Micro-Benchmark Results - Experimental Results

0.6 Experimental Results

0.6.3 Micro-Benchmark Results

Test Procedure

The micro-benchmark test procedure in this study consists of four phases: insertion, update, query, and deletion. The NOR flash is entirely empty before this benchmark. The first phase sequentially inserts 25,000 consecutive keys. The second phase performs 800,000 key updates using a Gaussian random variable for key selection, forming a temporal locality in the access pattern. The third phase performs 800,000 key queries using the same random variable for key selection. The final phase randomly removes all the keys. The mean and the variance of the Gaussian random variable are the median of all the keys and one-sixth the total number of keys, respectively.

Figure 15: The total execution time of the micro-benchmark in different flash size 1 mega-byte, 2 mega-mega-byte, 4 mega-mega-byte, and 8 mega-byte

Fat Lists versus µ Trees

Figure 14 shows the micro-benchmark results in different flash size. Before discussing these results, recall that NOR flash is very slow on write and erase but extremely fast on read.

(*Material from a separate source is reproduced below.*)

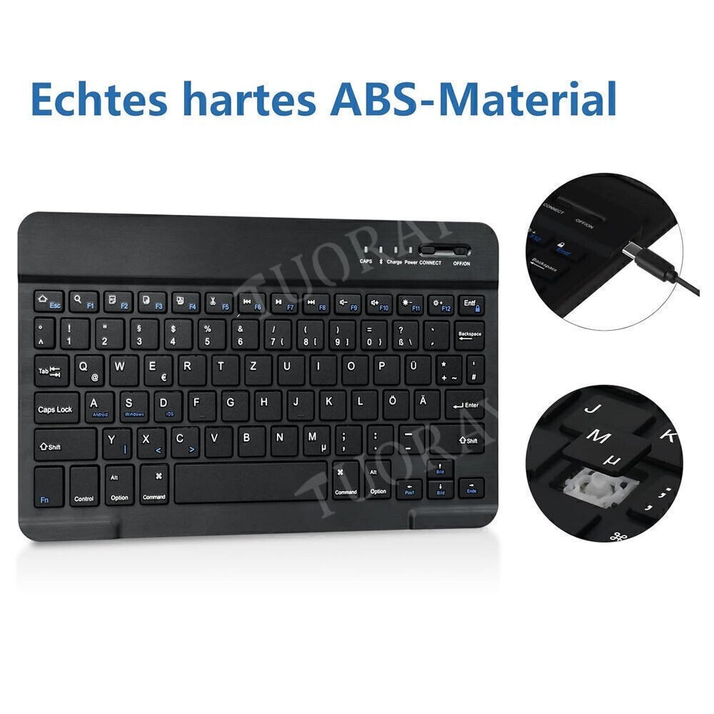 【Tragbare kabellose Tastatur】 ABS-Material, fingerabdruckfrei und kratzfest; leichtes und dünnes, kabelloses Bluetooth-Design, sodass Sie es problemlos in Ihren Rucksack oder Ihr Gepäck stecken können. Die Tastatur ist mit dem iPad kompatibel, sodass Sie jederzeit wie mit einem Laptop arbeiten können.

The page size of µ-tree is 512 bytes in order to contain all data after the insertion phase.

In insertion phase, the flash size does not affect the performance on fat lists and µ-tree, because the minimum need of flash size to build up the list and tree is less than 1M.

Therefore, fat lists and µ-tree does not trigger any garbage-collection activities. The read time of µ-tree is less than fat lists because the query performance in µ-tree is determined by its height. µ-tree is also a balanced tree, so the increase of height is very slow. For this reason, its hard to outperform µ-tree in query. However, the write time of µ-tree is much more than fat lists because µ-tree has to rewrite all path on every structural modification of leaf node. Since NOR flash is much more slower on write than on read, fat lists outperforms µ-tree in insertion phase.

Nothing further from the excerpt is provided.